I ran into someone who works for a publishing company that has a large number of “creatives”—who have both a Mac and a Windows PC on their desk (they discovered that Windows emulation on the Power PC Macs was too slow to be viable for their work). Parallels is a solution for them for sure and he's going to try to persuade management to introduce it.
I haven't got any meaningful figures, but I've watched the resource utilization of Windows (under Parallels) and OS X. It looks to me as though OS X is much more economic in its use of resources. I'll try to do some direct comparisons in the next few weeks to see if this is true.
And here's the bad news. Windows (running under Parallels) keeps prompting me to buy AV software and get Windows updates. I've found no way of silencing these messages, so I just have to click on them to make them go away. There's always something.
Apple User Note: I have been wanting to kill the caps lock key on the PC forever.
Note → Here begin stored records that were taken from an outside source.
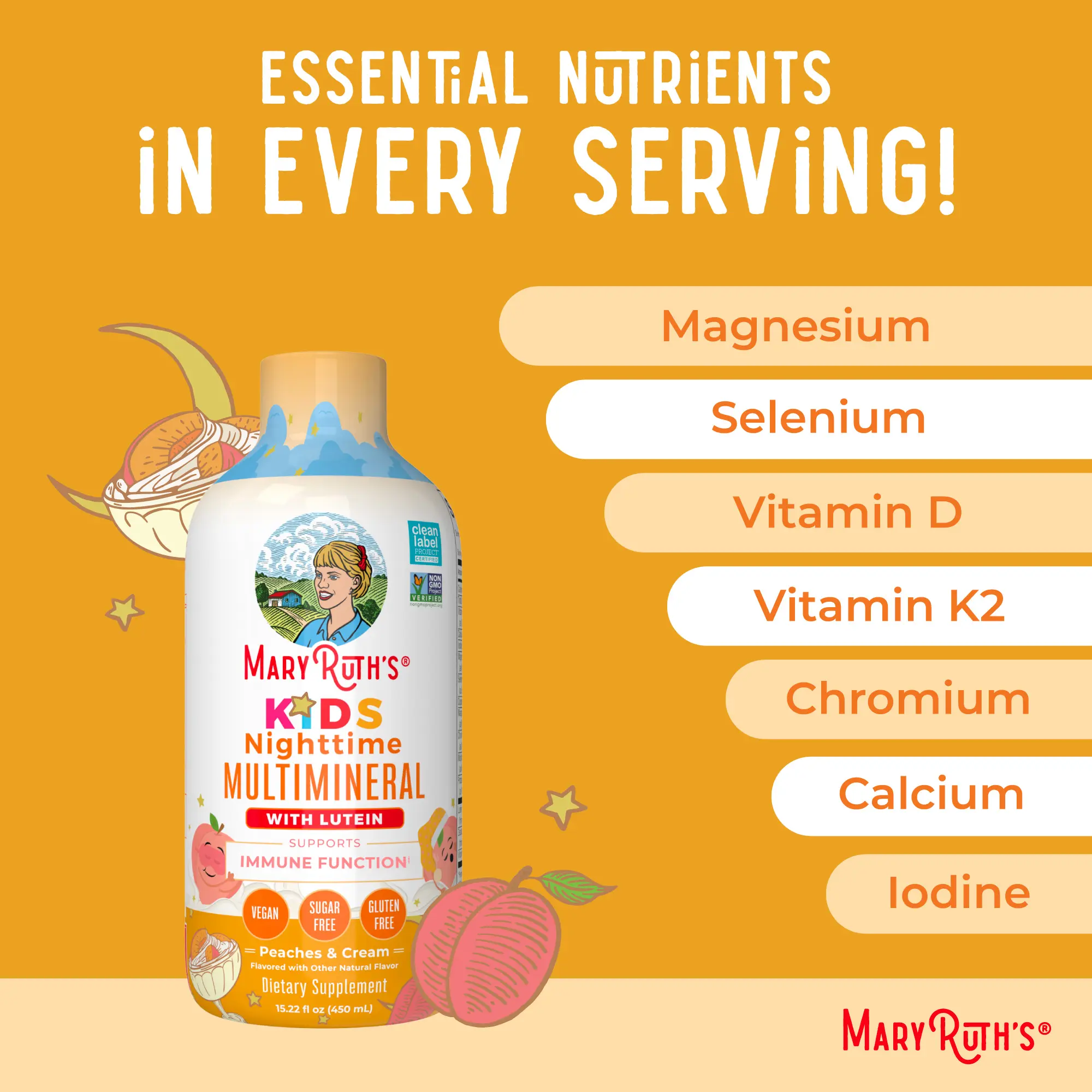 For Most Lifestyles: MaryRuth's Kids Nighttime Multimineral is Non-GMO Project Verified, BeVeg Certified, Vegan, Made in a GMP Facility. Dairy Free, Nut Free, Gluten Free, Sugar Free. Formulated For Kids! Clean Label Project Certified. B Corp Certified.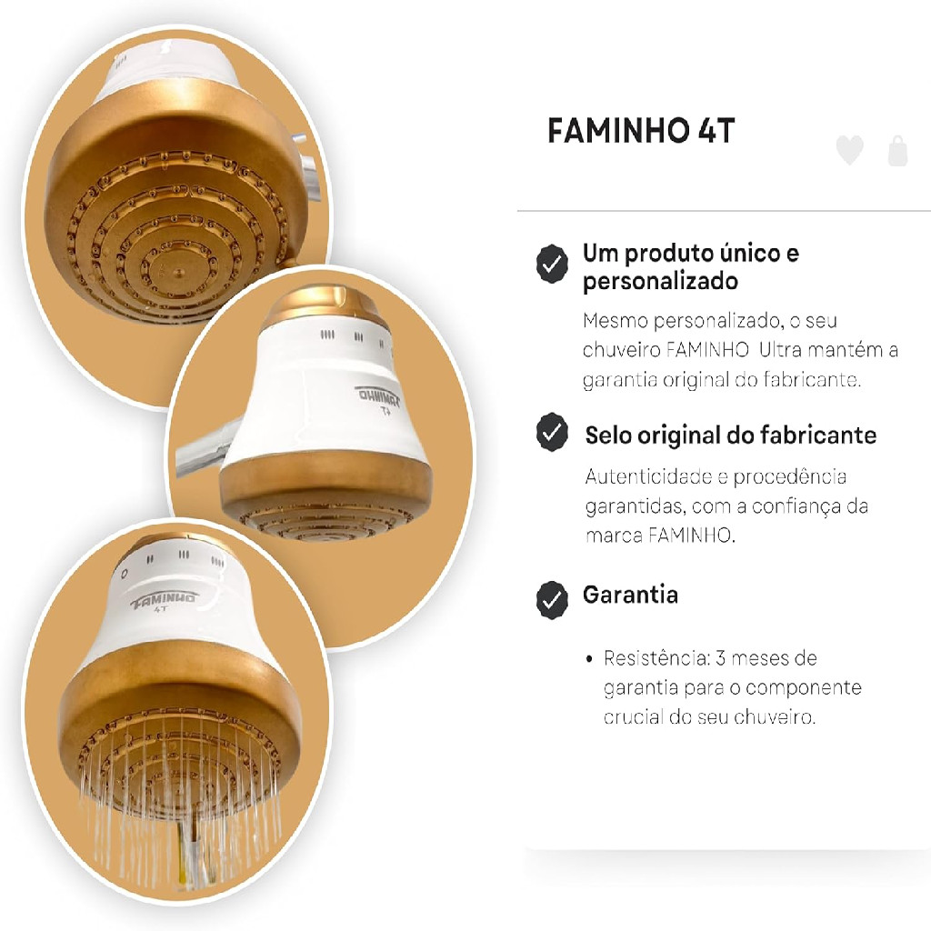 Chuveiro Elétrico Faminho 4t 6.800w 220v Dourado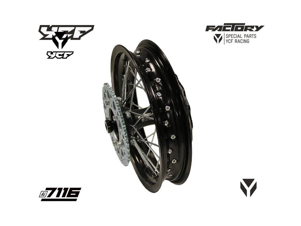 Kompletní zadní zesílené kolo 1.85x12",CNC náboj, pevnostní hliníkový ráfek 7116 pitbike YCF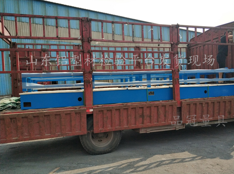 山東鋁型材檢驗(yàn)平臺(tái)規(guī)格6000*600*350mm,數(shù)量3臺(tái),已于2019.06.04日裝車發(fā)貨,預(yù)計(jì)明日上午到達(dá),請采購科王經(jīng)理注意接貨,貨物單件重量2.5噸,總重量7.5噸。
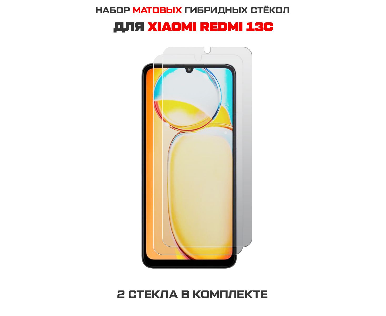 Комплект из 2-х защитных гибридных стекол МАТОВЫХ Krutoff для Xiaomi Redmi 13C

I keep hitting it by accident and then having to retype half a sentence. And I've been doing that since the first time I used a PC. I never use the caps lock key and I don't want it. Long ago I lost hope of slaying it. It never occurred to me that Apple would let me disable it—so I've suffered this irritation for the 18 months that I've been an Apple user. But with Apple you can disable it—under System Preferences, Keyboard & Mouse, Keyboard, Modifier Keys.